| Problem statement |
Exact transcription begins at the first line of the material below and ends with the line holding "Iluminarea LED integrată"; pictures are skipped.

| Available data |
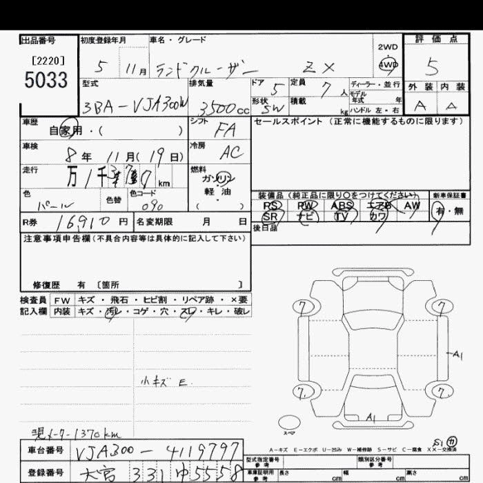 Статус выставлен на аукцион Лот 5033 Аукцион JU Saitama Дата аукциона 10.03.2026
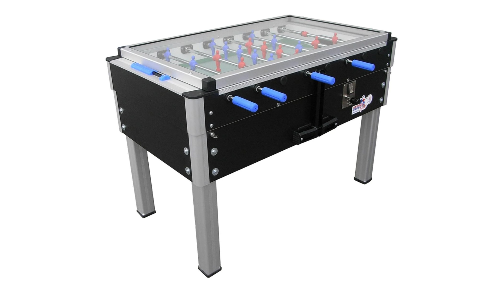 Iluminarea LED integrată pune în valoare masa și creează un efect vizual spectaculos, ideal pentru spații moderne și ambiente cu lumină redusă. Pentru proprietarii de locații, masa Roberto Sport cu LED înseamnă un punct de atracție puternic pentru clienți, un design contemporan care se integrează ușor în orice decor și o construcție gândită să reziste ani de zile, cu costuri minime de întreținere. Pentru jucători, LED-urile asigură vizibilitate excelentă asupra mingii și a jucătorilor, cresc dinamismul și intensitatea fiecărui meci și transformă jocul într-o experiență memorabilă, atât pentru amatori, cât și pentru pasionații de foosball.
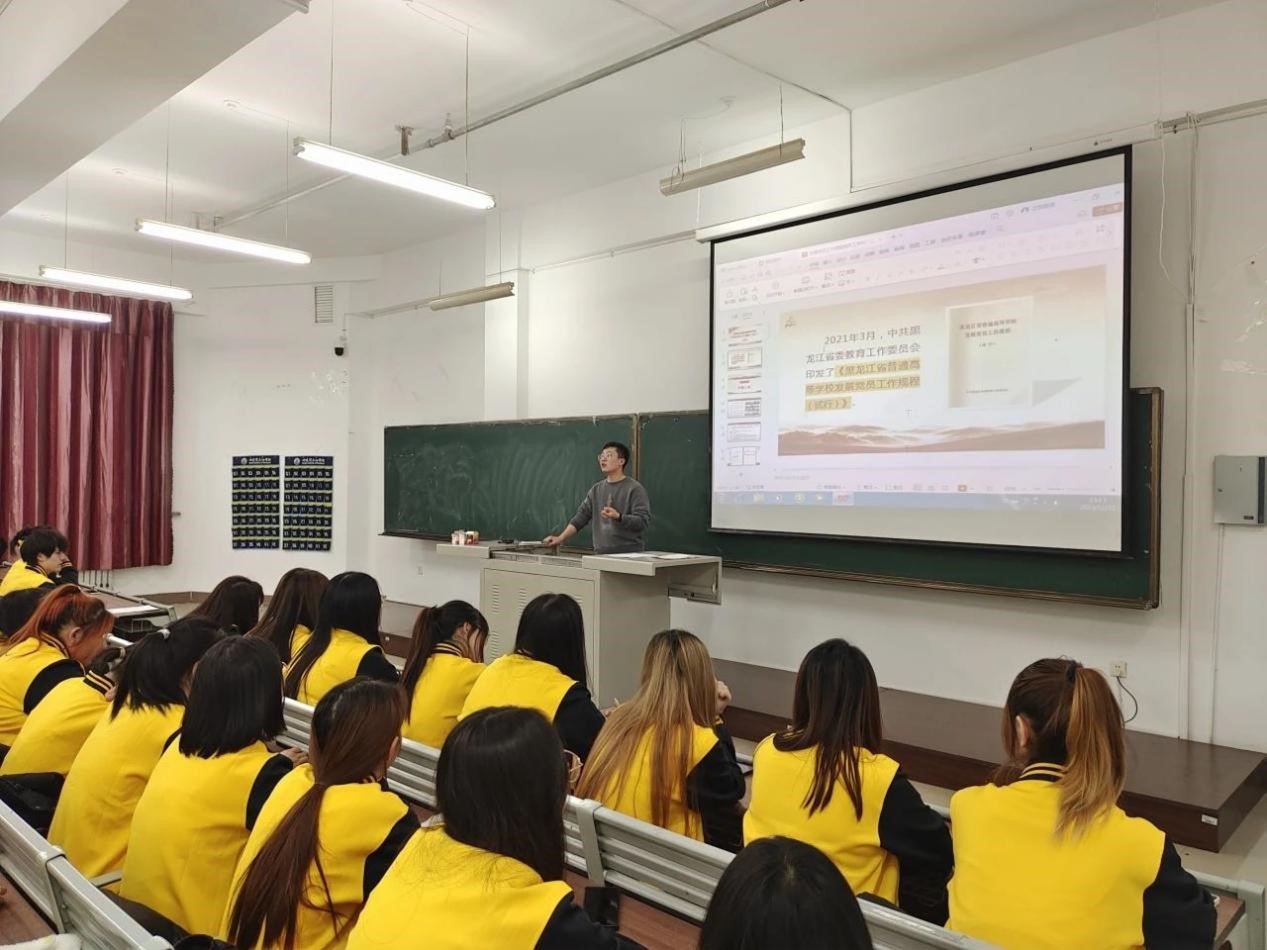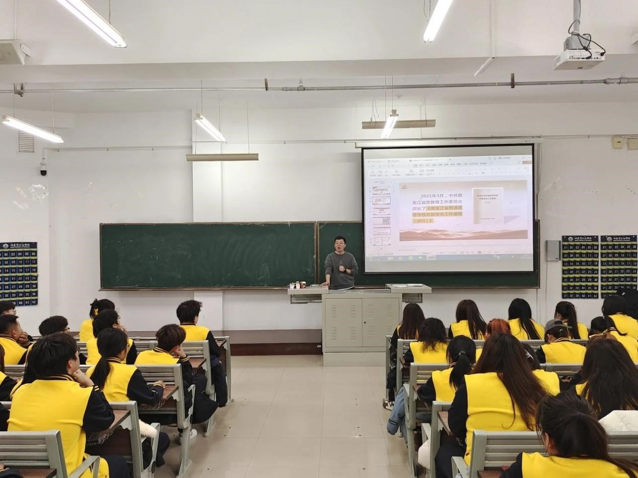 为做好2023级新生的思想政治引领,帮助我院新生端正入党动机,提升政治思想觉悟,积极向党组织靠拢,2023年12月13日,艺术与教育学院于第一教学楼304组织开展新生入党启蒙教育活动,本次活动由艺术与教育学院学生党支部书记贾延迪主讲,我院2023级全体学生参加。

| Exercise solution |
 Статус выставлен на аукцион Лот 5033 Аукцион JU Saitama Дата аукциона 10.03.2026
 Iluminarea LED integrată pune în valoare masa și creează un efect vizual spectaculos, ideal pentru spații moderne și ambiente cu lumină redusă. Pentru proprietarii de locații, masa Roberto Sport cu LED înseamnă un punct de atracție puternic pentru clienți, un design contemporan care se integrează ușor în orice decor și o construcție gândită să reziste ani de zile, cu costuri minime de întreținere. Pentru jucători, LED-urile asigură vizibilitate excelentă asupra mingii și a jucătorilor, cresc dinamismul și intensitatea fiecărui meci și transformă jocul într-o experiență memorabilă, atât pentru amatori, cât și pentru pasionații de foosball.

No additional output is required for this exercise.